- _TASK ITEM_
Exactly the lines from the line containing "由于入冬以來(lái),山東" through the final line of the entries below must be returned, and only those, without pictures.
-*-
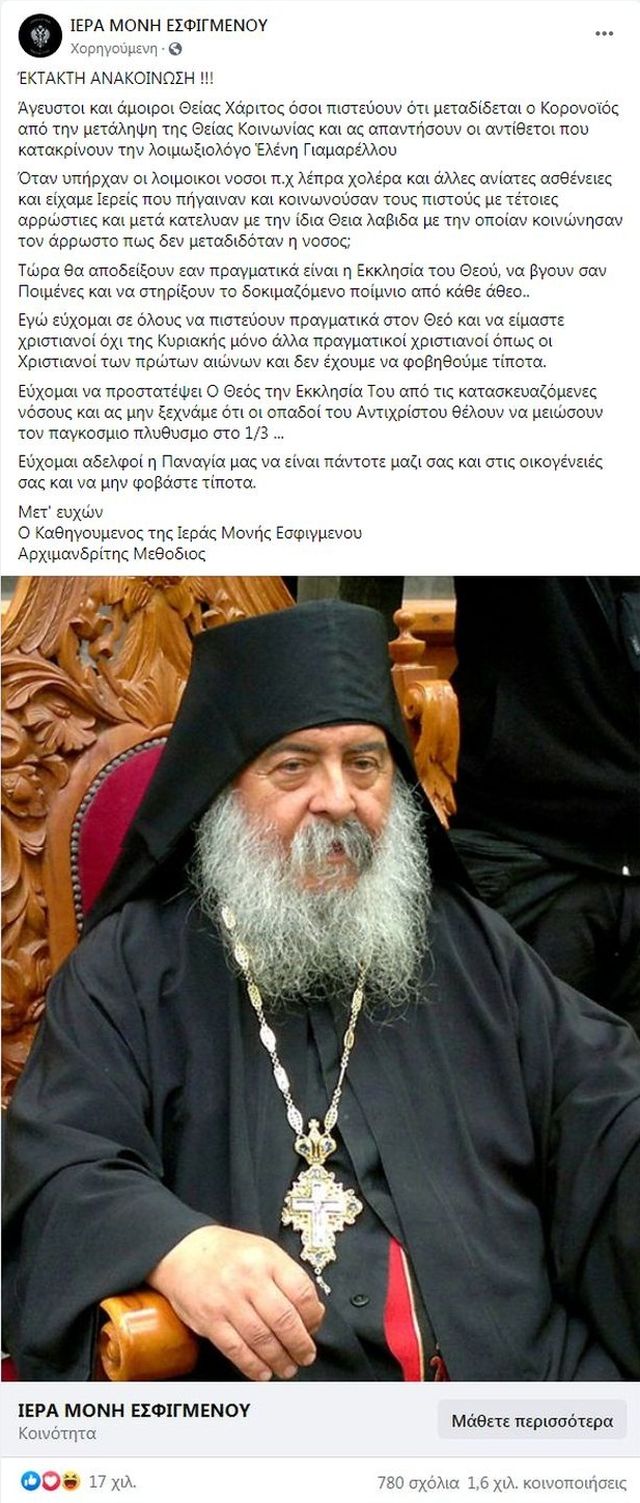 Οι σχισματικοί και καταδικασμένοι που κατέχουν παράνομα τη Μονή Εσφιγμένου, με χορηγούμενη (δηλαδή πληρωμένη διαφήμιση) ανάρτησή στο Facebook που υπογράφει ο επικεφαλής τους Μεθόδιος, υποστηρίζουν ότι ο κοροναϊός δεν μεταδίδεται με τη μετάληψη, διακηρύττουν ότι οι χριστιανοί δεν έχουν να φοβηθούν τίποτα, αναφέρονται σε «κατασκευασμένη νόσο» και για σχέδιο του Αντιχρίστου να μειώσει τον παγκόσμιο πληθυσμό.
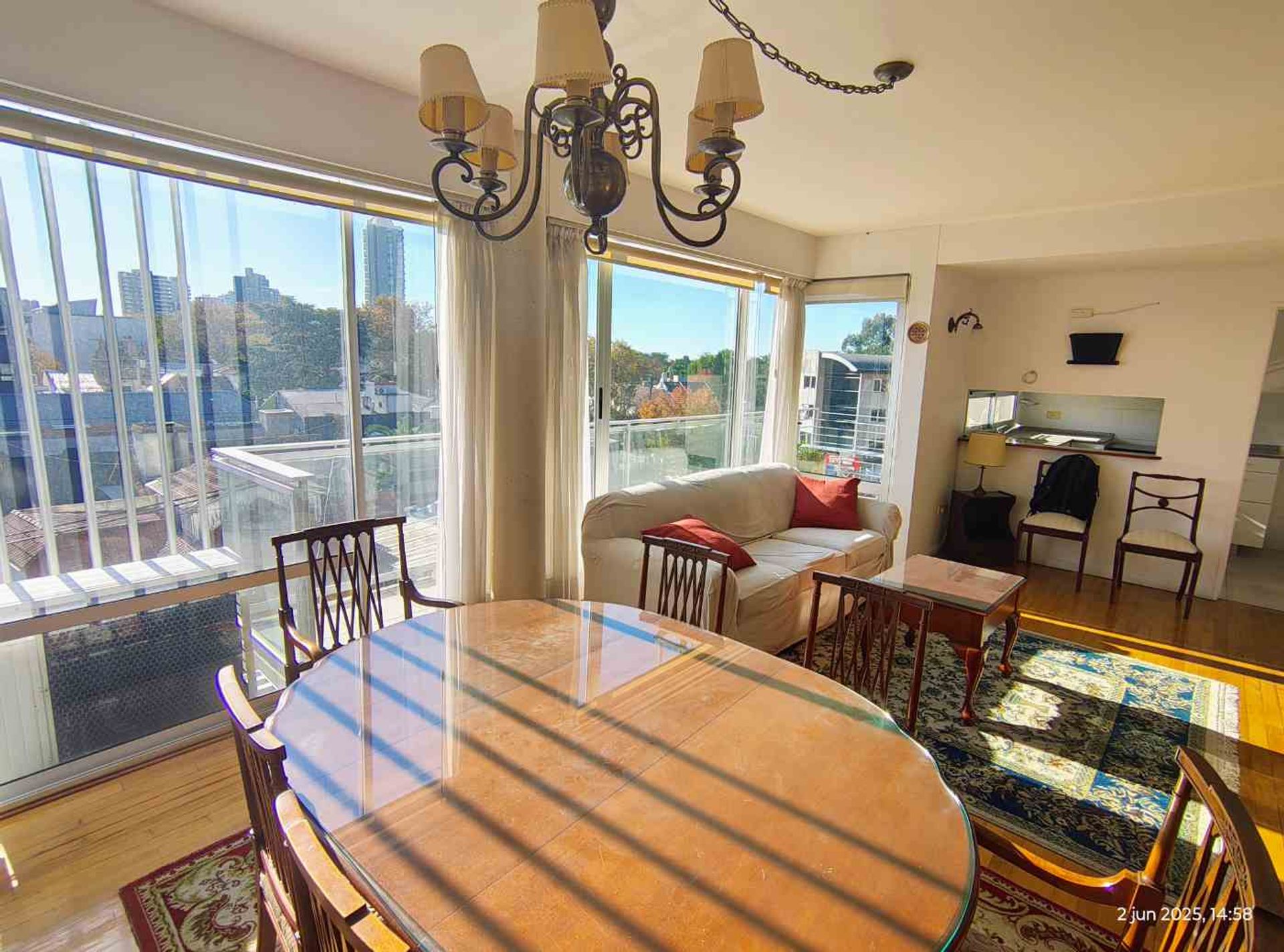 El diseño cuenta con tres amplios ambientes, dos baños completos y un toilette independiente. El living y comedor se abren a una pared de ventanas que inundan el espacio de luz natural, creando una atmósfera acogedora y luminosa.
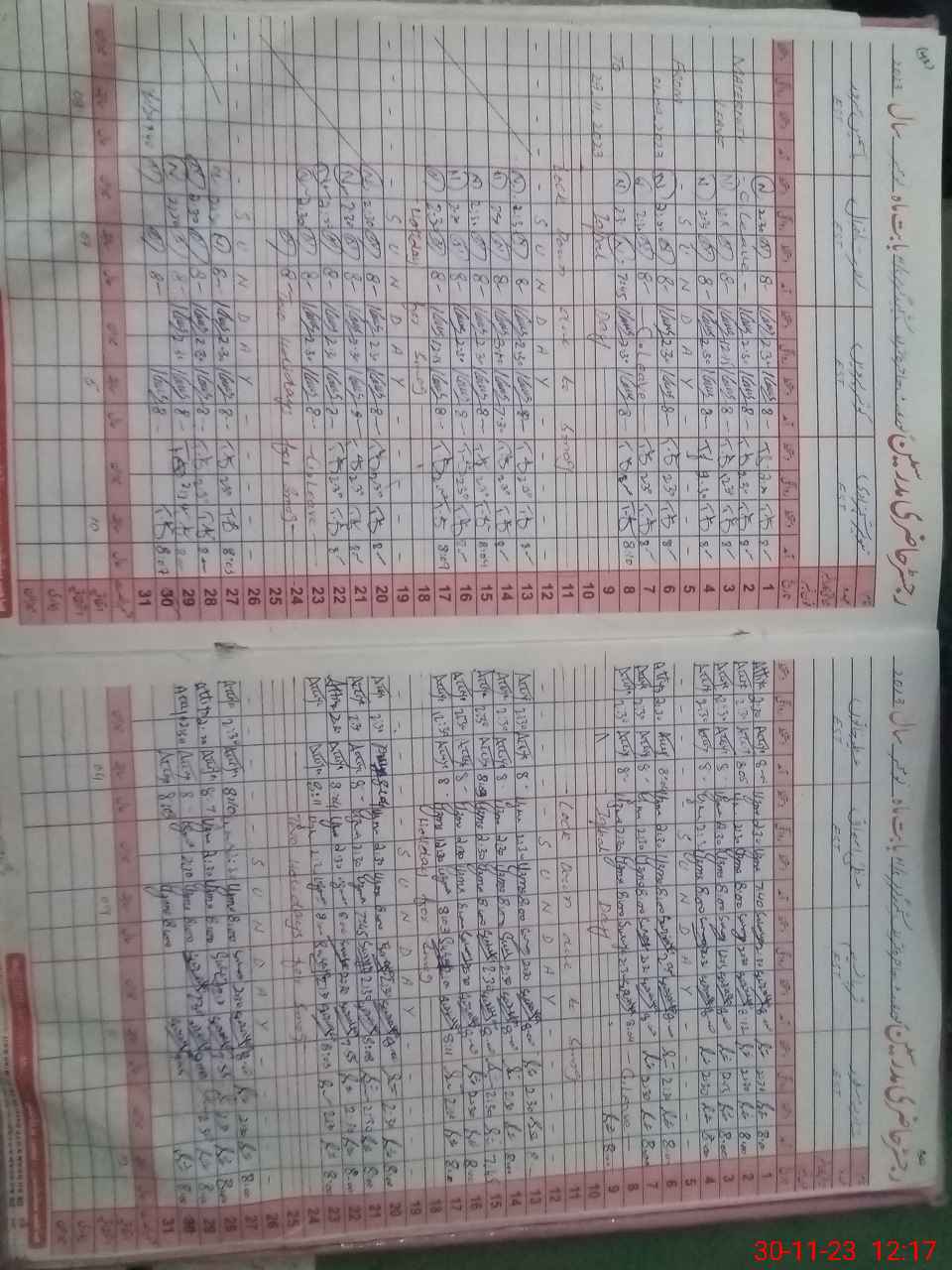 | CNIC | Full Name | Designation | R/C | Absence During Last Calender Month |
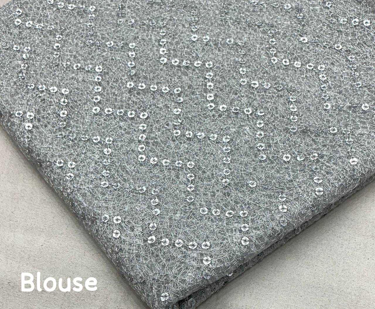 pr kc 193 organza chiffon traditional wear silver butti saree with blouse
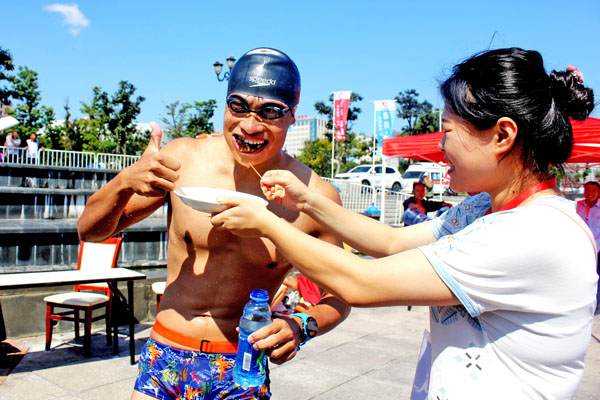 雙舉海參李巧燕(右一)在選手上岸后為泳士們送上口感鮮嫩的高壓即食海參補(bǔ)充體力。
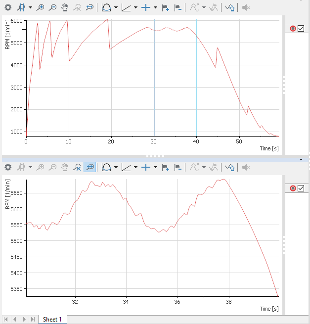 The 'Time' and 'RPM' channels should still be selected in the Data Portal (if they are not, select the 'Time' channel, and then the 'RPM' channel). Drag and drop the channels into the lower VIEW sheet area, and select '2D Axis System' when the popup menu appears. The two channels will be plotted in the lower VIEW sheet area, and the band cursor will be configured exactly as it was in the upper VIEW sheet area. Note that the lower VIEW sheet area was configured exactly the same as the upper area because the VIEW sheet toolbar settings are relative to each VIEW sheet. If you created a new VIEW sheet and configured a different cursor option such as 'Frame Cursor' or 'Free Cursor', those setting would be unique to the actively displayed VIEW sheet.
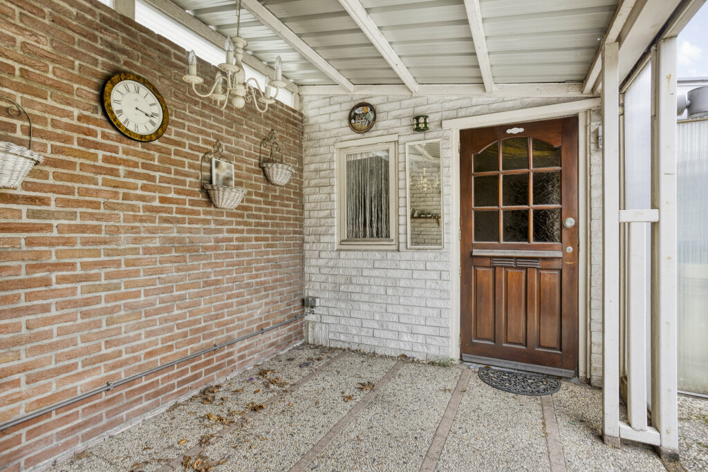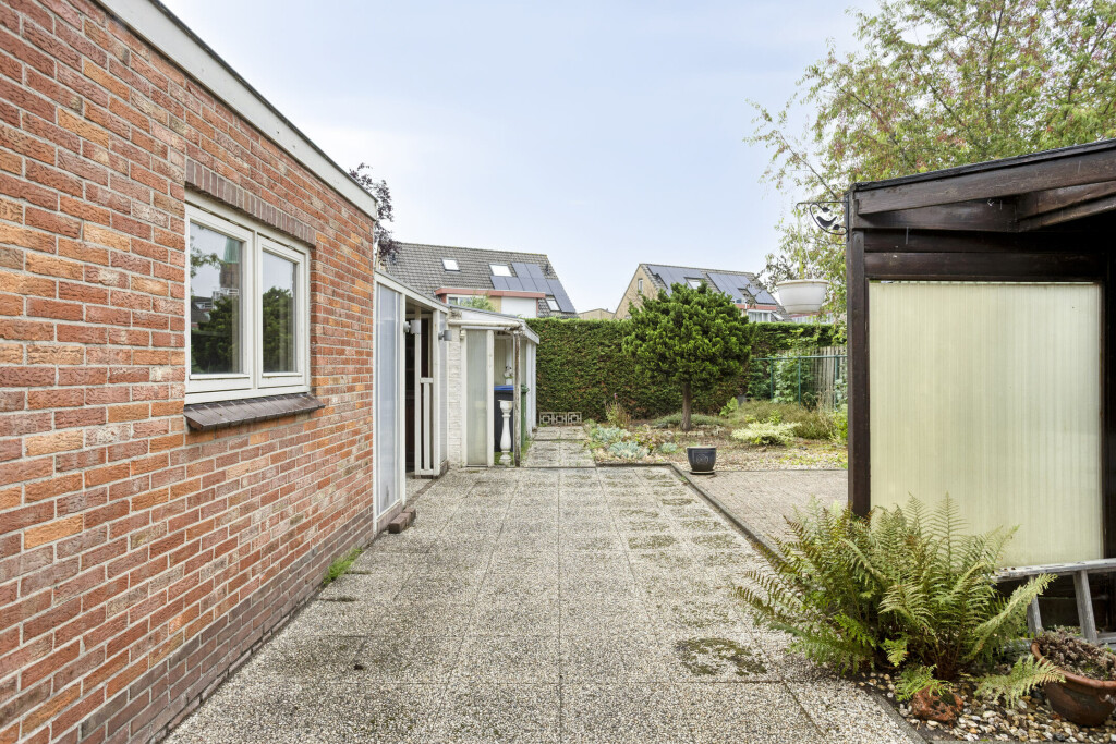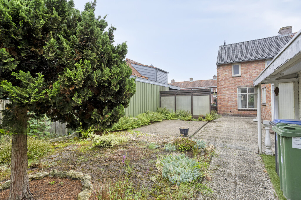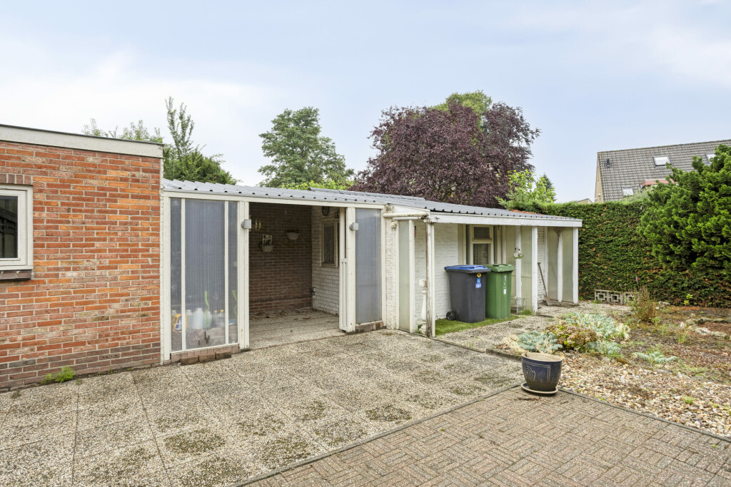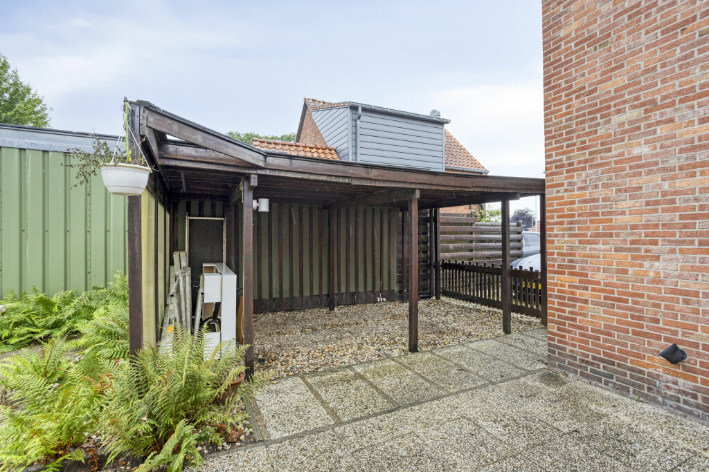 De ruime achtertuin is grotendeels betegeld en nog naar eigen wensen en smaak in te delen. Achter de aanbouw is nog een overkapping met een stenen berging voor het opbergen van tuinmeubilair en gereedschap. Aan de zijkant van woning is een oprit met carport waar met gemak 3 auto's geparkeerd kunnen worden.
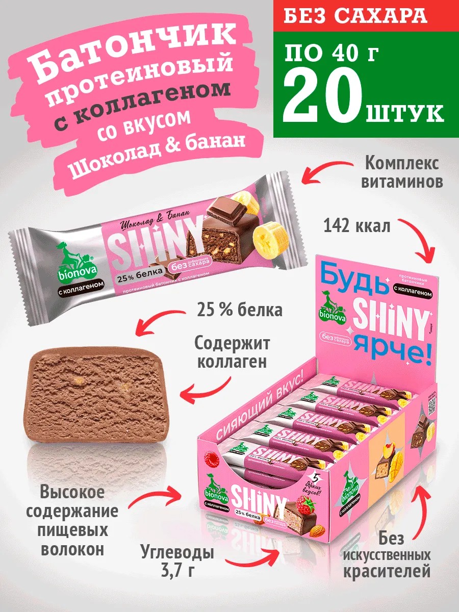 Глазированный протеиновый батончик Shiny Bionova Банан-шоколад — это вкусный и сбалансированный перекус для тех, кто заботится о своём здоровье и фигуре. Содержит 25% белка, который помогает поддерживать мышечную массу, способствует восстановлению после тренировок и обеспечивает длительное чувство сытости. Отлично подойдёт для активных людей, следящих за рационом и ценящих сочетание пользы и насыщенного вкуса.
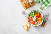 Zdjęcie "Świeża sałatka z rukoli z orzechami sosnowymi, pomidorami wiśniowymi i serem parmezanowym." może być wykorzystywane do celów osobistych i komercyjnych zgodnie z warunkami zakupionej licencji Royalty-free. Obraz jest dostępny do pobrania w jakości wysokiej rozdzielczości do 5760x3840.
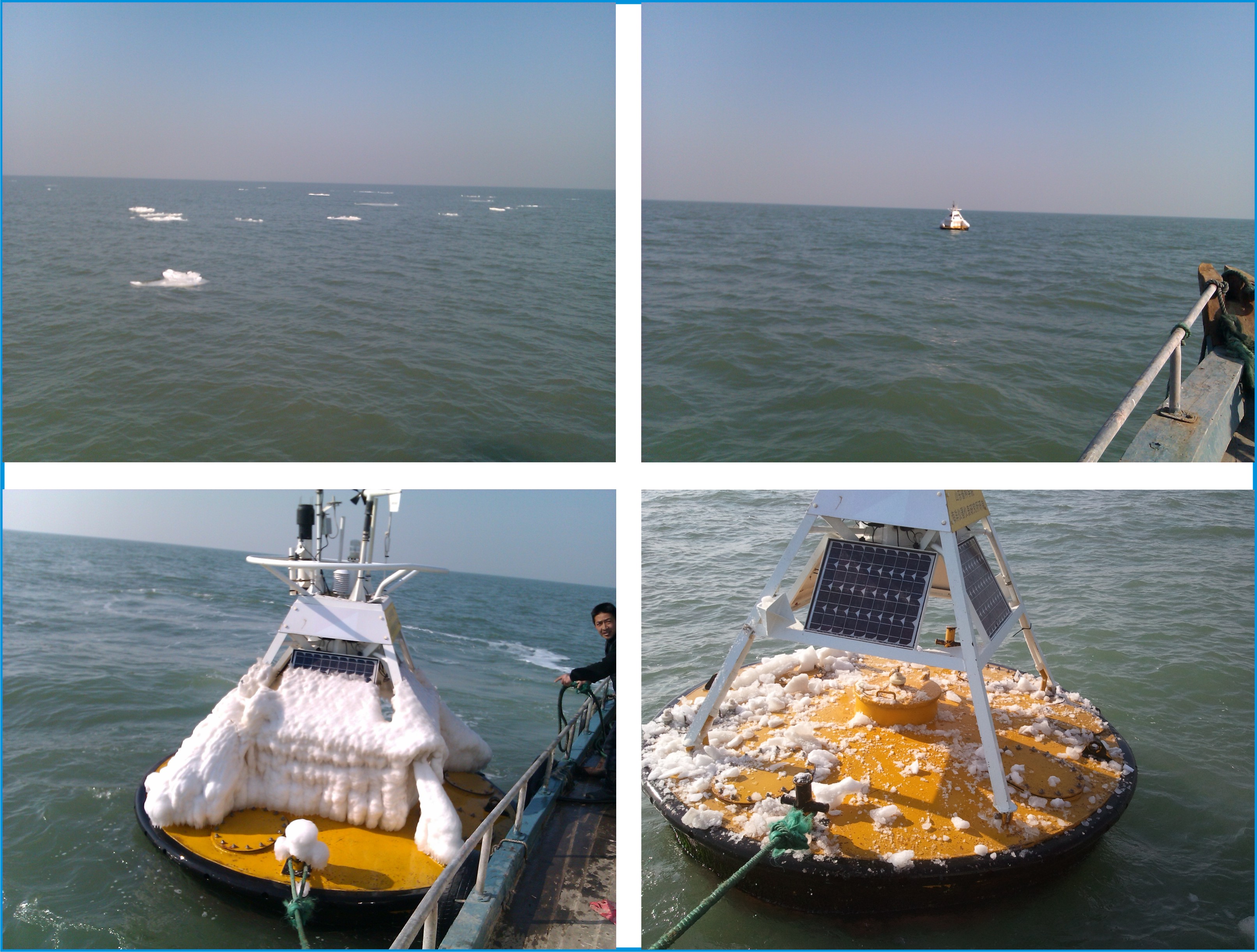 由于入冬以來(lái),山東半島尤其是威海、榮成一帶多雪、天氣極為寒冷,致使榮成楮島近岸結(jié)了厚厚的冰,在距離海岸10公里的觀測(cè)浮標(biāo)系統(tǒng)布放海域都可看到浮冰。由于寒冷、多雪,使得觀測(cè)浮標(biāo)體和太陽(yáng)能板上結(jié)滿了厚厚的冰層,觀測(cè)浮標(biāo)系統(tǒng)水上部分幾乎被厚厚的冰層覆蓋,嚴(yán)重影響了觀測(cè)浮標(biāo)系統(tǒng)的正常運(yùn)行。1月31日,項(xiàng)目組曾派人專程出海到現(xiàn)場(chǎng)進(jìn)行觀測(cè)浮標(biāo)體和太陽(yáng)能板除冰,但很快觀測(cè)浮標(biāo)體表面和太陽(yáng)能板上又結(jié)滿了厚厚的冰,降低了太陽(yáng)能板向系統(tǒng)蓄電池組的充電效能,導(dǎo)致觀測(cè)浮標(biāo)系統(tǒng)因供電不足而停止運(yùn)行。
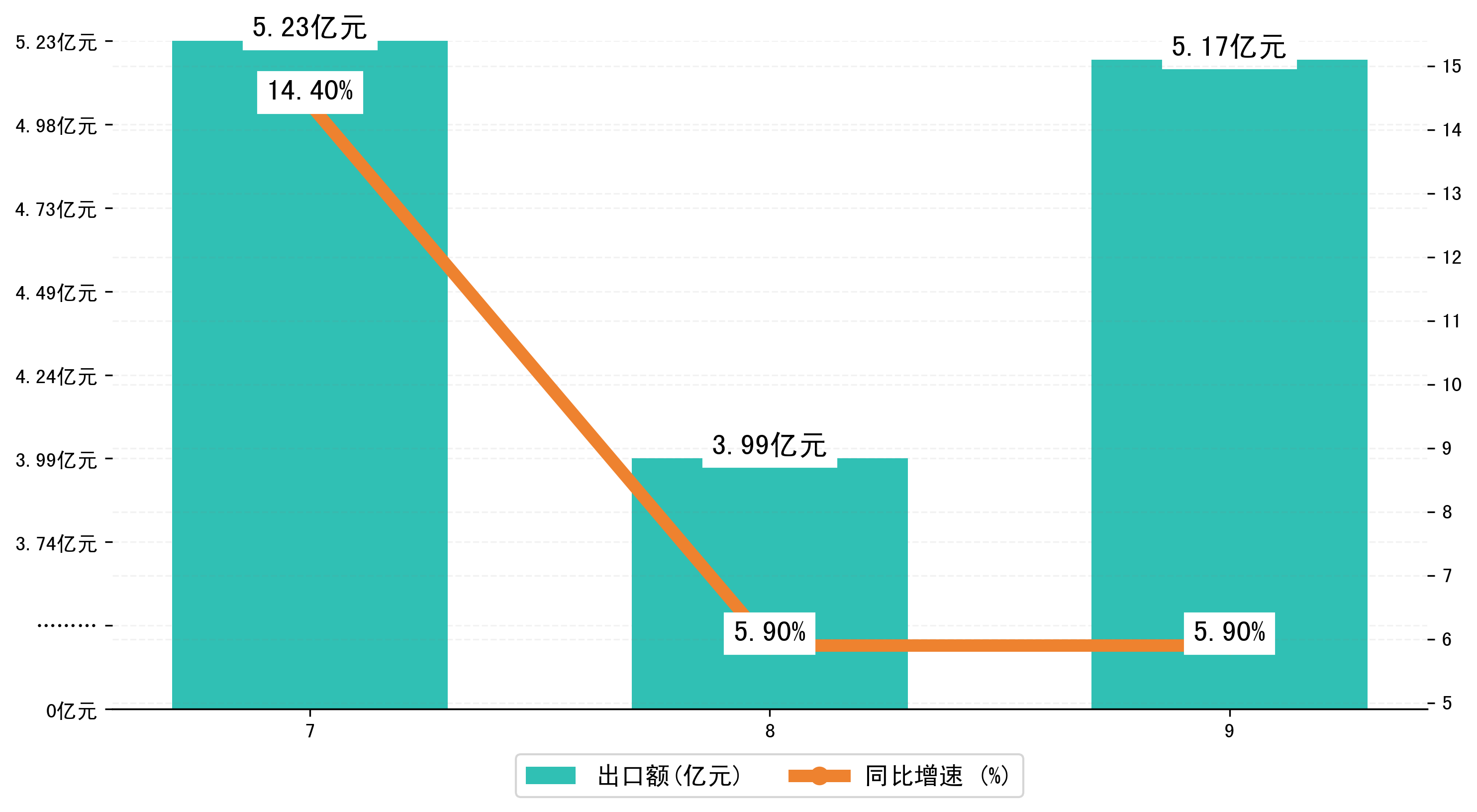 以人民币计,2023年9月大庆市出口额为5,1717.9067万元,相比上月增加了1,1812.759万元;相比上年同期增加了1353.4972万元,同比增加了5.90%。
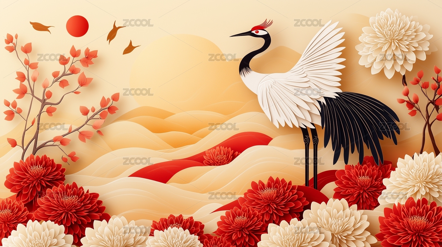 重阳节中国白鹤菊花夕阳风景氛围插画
-*-
- _RESULT OF THE EXERCISE_
 由于入冬以來(lái),山東半島尤其是威海、榮成一帶多雪、天氣極為寒冷,致使榮成楮島近岸結(jié)了厚厚的冰,在距離海岸10公里的觀測(cè)浮標(biāo)系統(tǒng)布放海域都可看到浮冰。由于寒冷、多雪,使得觀測(cè)浮標(biāo)體和太陽(yáng)能板上結(jié)滿了厚厚的冰層,觀測(cè)浮標(biāo)系統(tǒng)水上部分幾乎被厚厚的冰層覆蓋,嚴(yán)重影響了觀測(cè)浮標(biāo)系統(tǒng)的正常運(yùn)行。1月31日,項(xiàng)目組曾派人專程出海到現(xiàn)場(chǎng)進(jìn)行觀測(cè)浮標(biāo)體和太陽(yáng)能板除冰,但很快觀測(cè)浮標(biāo)體表面和太陽(yáng)能板上又結(jié)滿了厚厚的冰,降低了太陽(yáng)能板向系統(tǒng)蓄電池組的充電效能,導(dǎo)致觀測(cè)浮標(biāo)系統(tǒng)因供電不足而停止運(yùn)行。
 以人民币计,2023年9月大庆市出口额为5,1717.9067万元,相比上月增加了1,1812.759万元;相比上年同期增加了1353.4972万元,同比增加了5.90%。
 重阳节中国白鹤菊花夕阳风景氛围插画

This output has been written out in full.